When ? follows a quantifier (?, *, + or {m,n}), it modifies the greediness of that quantifier[1]. Normally, these quantifiers match the most characters as possible, but with ?, they match the fewest.

say "Greedy:     ", "abc1234" =~ /\w(.*)\d/;
say "Non-greedy: ", "abc1234" =~ /\w(.*?)\d/;

Output:

bc123
bc

Since there two places $ can match (before a trailing newline or at the end of the string), this has the following effect:

$_ = "abc\n-- \ndef\n";
say "Greedy:     <<" . s/\n-- \n.*$//sr  . ">>";
say "Non-greedy: <<" . s/\n-- \n.*?$//sr . ">>";

Output:

Greedy:     <<abc>>
Non-greedy: <<abc
>>

It ensures the newline terminating the last line isn't removed.

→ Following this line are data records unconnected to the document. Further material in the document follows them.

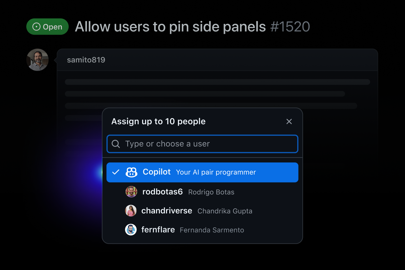 Assign issues directly to Copilot and let it autonomously write code, create pull requests, and respond to feedback in the background.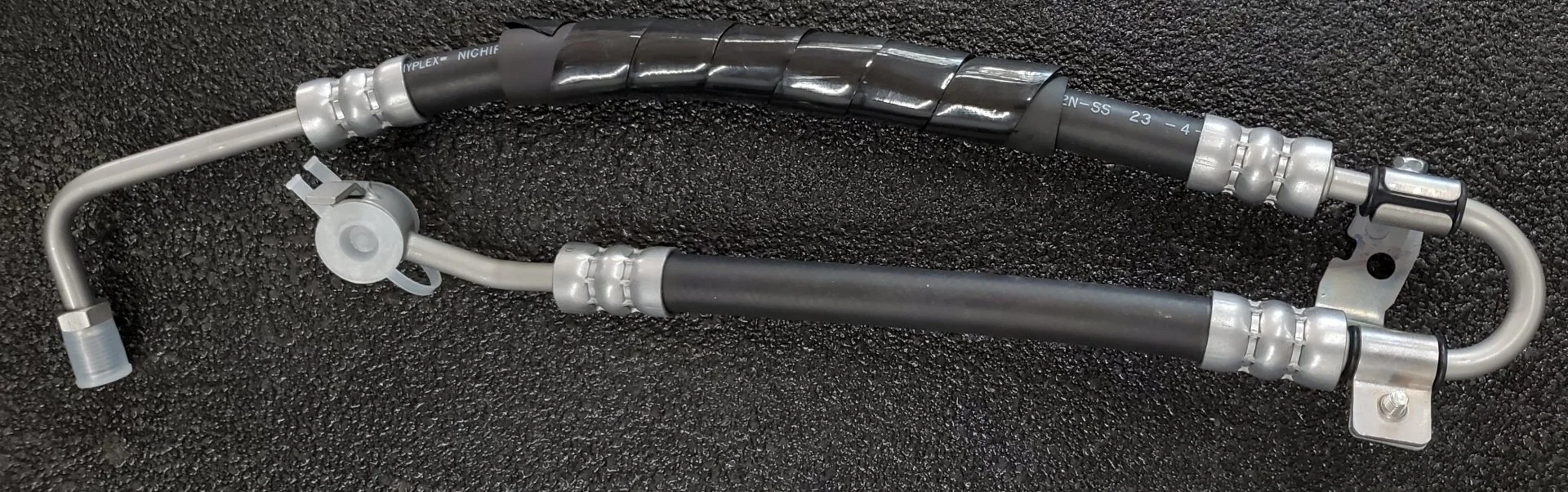 New transmission cooler lines made up using Gates 3/8" 400 psi hose (Napa part# H-1937). Covered with braided sleeving and spiral sleeve to be added where needed.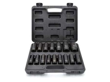 Zestaw nasadek udarowych długich (78mm) 1/2". W zestawie 16 nasadek zapakowanych w walizkę z tworzywa sztucznego.

The following are more straightforward equivalents:

s/\n-- \n.*/\n/s

s/(?<=\n)-- \n.*//s   # Slow

s/\n\K-- \n.*//s      # Requires 5.10

Note that it will remove starting with the first --.

$ perl -E'say "abc\n-- \ndef\n-- \nghi\n" =~ s/\n-- \n.*?$//sr'
abc

If you want to start removing from the last, you'll have to replace .* with something guaranteed not to match --.

$ perl -E'say "abc\n-- \ndef\n-- \nghi\n" =~ s/\n-- \n(?:(?!-- \n).)*?$//sr'
abc
-- 
def

Notes:

  1. It also has the same meaning if it follows another quantifier modifier (e.g. /.*+?/).
0
dms On

There is a nice CPAN module that can help you understand regular expressions in the future: YAPE::Regex::Explain

You can find an online version of it here: http://rick.measham.id.au/paste/explain.pl

Running your regex through the website returns the following:

NODE                     EXPLANATION
--------------------------------------------------------------------------------
  \n                       '\n' (newline)
--------------------------------------------------------------------------------
  --                       '-- '
--------------------------------------------------------------------------------
  \n                       '\n' (newline)
--------------------------------------------------------------------------------
  .*?                      any character except \n (0 or more times
                           (matching the least amount possible))
--------------------------------------------------------------------------------
  $                        before an optional \n, and the end of the
                           string

According to the docs, "There is no support for regular expression syntax added after Perl version 5.6, particularly any constructs added in 5.10", but in practice you should still be able to use it to help understand most regexes you come across.